The back tracked trajectories were drawn to meet at the large Syrian Army base, but that assumes only M14 rockets were fired; the trajectory information is accurate and, critically, the Syrian army still uses BM14s. No one has explained the presence of the 330-mm diameter rocket plate. Open source information indicates the Syrian army does not have BM14s or rockets that are 330-mm in diameter.
There are other pitfalls in this kind of analysis, including examination of the influence of terrain, weather and other external factors. A major problem is that it satisfices. It has cognitive allure because it provides a quick, neat, seemingly comprehensive and easily understood solution.
That nurtures premature cognitive closure, which means the analyst prematurely stops his search for evidence. Contrary leads are not followed and additional, necessary corroborative leads that might nuance or alter the conclusions are ignored. Contradictory evidence is not given the weight or mental energy that is applied to the solution that satisfices. Other cognitive problems characteristic of bias follow.
In a more complete analysis, the next essential steps before presenting it to a senior official would be to determine the rocket launching capabilities of the suspect Syrian Army units; locate the rocket launcher units; locate the suspect chemical warfare depots or supply vehicles; identify likely firing sites on the base and look for signs that troops recently handled chemical weapons.There have been a sufficient number of Syrian army defectors that the answers should be easily available, probably from men who served in the suspect units.

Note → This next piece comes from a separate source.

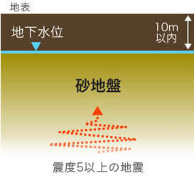 - 地震時:地震の揺れにより地盤全体が変形して隙間の水を押し出す力が働き、隙間の水圧が 高くなり、砂粒同士が接触する力を弱めて「泥水」のような状態になります。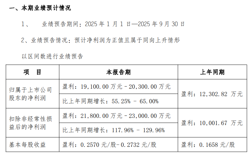 10月19日,长青集团(002616.SZ)披露2025年前三季度业绩预告,公司预计归属于上市公司股东的净利润1.91亿元至2.03亿元,同比增长55.25%至65%;扣除非经常性损益后的净利润2.18亿元至2.3亿元,同比增长117.96%至129.96%。 公司2025年前三季度业绩较上年同期增加,主要是取得资源综合利用增值税优惠政策的项目增加,即征即退税额增加;燃料成本同比下降。 公告称,公司不存在影响本次业绩预告内容准确性的重大不确定因素。本次业绩预告的财务数据为初步核算数据,未经会计师事务所审计,与2025 年第三季度报告中披露的最终数据可能存在差异,具体数据以 2025 年第三季度报告披露的数据为准。 |

Those appreciations might be followed by a search for likely firing sites from other locations. At least one range ring on the map overlaps an area identified as rebel-controlled, but with different azimuths.
The result of this is that there remain many open questions and all judgments about who fired are probabilities judgments. More field work is needed and the Syrian President said in an interview on the 17ththat UN inspectors have been invited back to Syria.
Administrative note: NightWatch thanks the many brilliant Readers who responded to the invitation to provide Feedback. We still do not know who is firing M14 or M14-like rockets.
Mali:Update. Mali's new government on Wednesday set 24 November as the date for the first parliamentary elections since a military coup last year.
Comment: Two weeks ago President Ibrahim Boubacar Keita appointed Prime Minister Oumar Tatam Ly to lead the nation's return to political normality. The Mali government is proceeding quickly with the forms of political normality. The elections should provide insight about the substance of political normality and stability.